Exercise data:
◆ ◆ ◆ ◆ ◆

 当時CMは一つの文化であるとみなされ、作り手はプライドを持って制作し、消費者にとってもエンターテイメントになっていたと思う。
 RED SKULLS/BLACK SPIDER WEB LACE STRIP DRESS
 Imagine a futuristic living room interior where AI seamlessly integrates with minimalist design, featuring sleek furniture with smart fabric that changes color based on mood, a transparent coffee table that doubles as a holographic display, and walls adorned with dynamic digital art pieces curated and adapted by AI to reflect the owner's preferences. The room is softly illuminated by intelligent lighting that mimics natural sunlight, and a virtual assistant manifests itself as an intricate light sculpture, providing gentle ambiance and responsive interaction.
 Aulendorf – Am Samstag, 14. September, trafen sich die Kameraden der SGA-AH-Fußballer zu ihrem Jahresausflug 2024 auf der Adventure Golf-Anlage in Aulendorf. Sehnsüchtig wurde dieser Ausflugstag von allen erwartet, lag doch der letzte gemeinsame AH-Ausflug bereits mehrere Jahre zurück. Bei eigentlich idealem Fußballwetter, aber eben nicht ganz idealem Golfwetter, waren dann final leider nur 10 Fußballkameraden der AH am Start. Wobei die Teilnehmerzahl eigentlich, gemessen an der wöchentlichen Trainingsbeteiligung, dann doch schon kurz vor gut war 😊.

◆ ◆ ◆ ◆ ◆

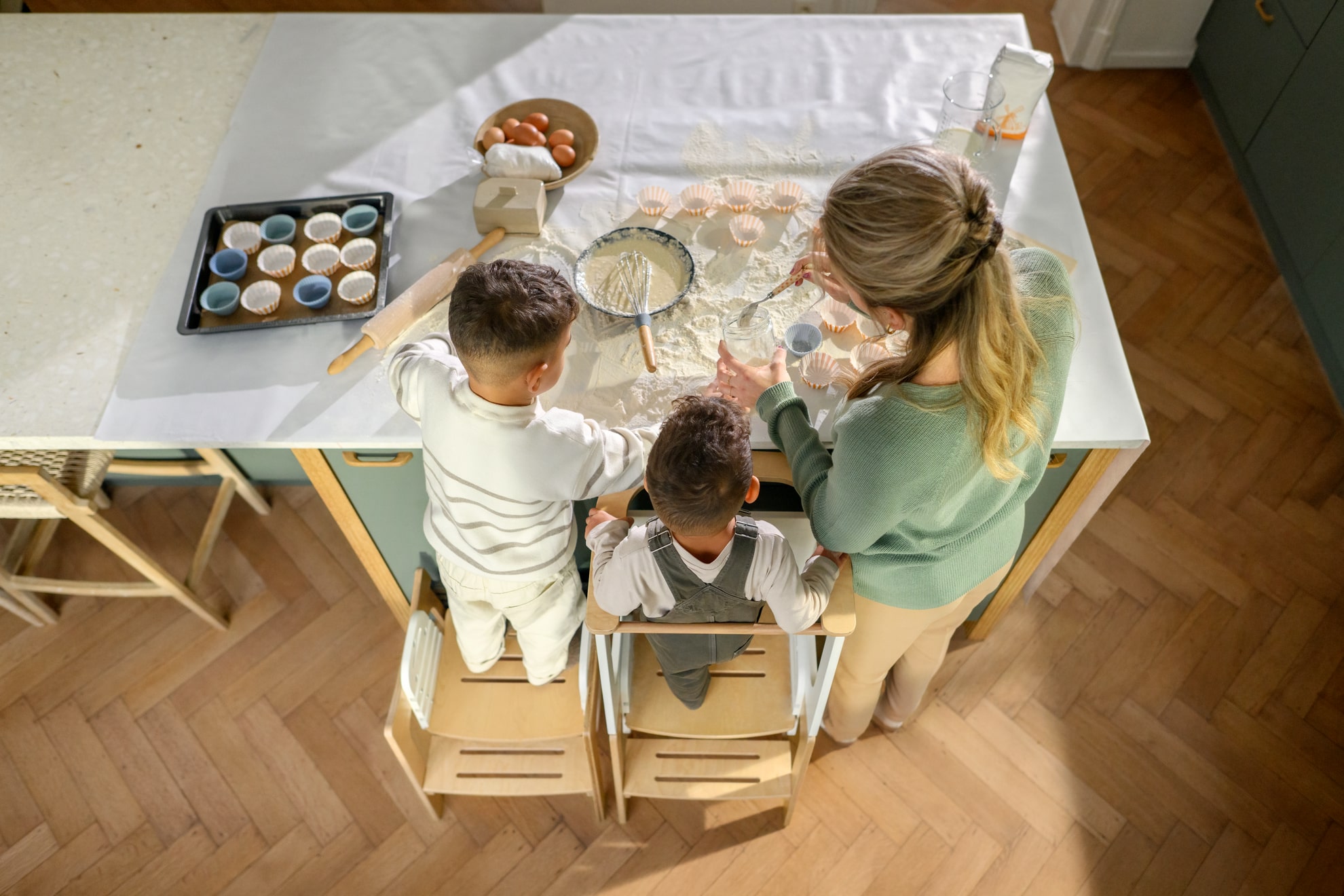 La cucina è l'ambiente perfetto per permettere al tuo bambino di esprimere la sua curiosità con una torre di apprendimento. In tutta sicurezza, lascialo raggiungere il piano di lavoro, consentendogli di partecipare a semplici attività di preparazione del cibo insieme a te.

◆ ◆ ◆ ◆ ◆

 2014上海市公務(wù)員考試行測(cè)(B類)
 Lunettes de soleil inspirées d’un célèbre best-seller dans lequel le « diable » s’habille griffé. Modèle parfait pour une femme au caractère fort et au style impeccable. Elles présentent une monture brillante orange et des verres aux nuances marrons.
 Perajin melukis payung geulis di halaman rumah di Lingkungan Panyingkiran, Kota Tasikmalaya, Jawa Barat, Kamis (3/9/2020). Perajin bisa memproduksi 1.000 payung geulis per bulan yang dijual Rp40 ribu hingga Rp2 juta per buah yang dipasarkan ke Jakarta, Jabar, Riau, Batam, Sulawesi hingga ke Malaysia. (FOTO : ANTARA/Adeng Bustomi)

◆ ◆ ◆ ◆ ◆

Problem description: From the records above, copy only the lines starting with the line that holds "Imagine a futuristic" and going on through the line that holds "Aulendorf – Am", exactly as written.

Written answer:
 Imagine a futuristic living room interior where AI seamlessly integrates with minimalist design, featuring sleek furniture with smart fabric that changes color based on mood, a transparent coffee table that doubles as a holographic display, and walls adorned with dynamic digital art pieces curated and adapted by AI to reflect the owner's preferences. The room is softly illuminated by intelligent lighting that mimics natural sunlight, and a virtual assistant manifests itself as an intricate light sculpture, providing gentle ambiance and responsive interaction.
 Aulendorf – Am Samstag, 14. September, trafen sich die Kameraden der SGA-AH-Fußballer zu ihrem Jahresausflug 2024 auf der Adventure Golf-Anlage in Aulendorf. Sehnsüchtig wurde dieser Ausflugstag von allen erwartet, lag doch der letzte gemeinsame AH-Ausflug bereits mehrere Jahre zurück. Bei eigentlich idealem Fußballwetter, aber eben nicht ganz idealem Golfwetter, waren dann final leider nur 10 Fußballkameraden der AH am Start. Wobei die Teilnehmerzahl eigentlich, gemessen an der wöchentlichen Trainingsbeteiligung, dann doch schon kurz vor gut war 😊.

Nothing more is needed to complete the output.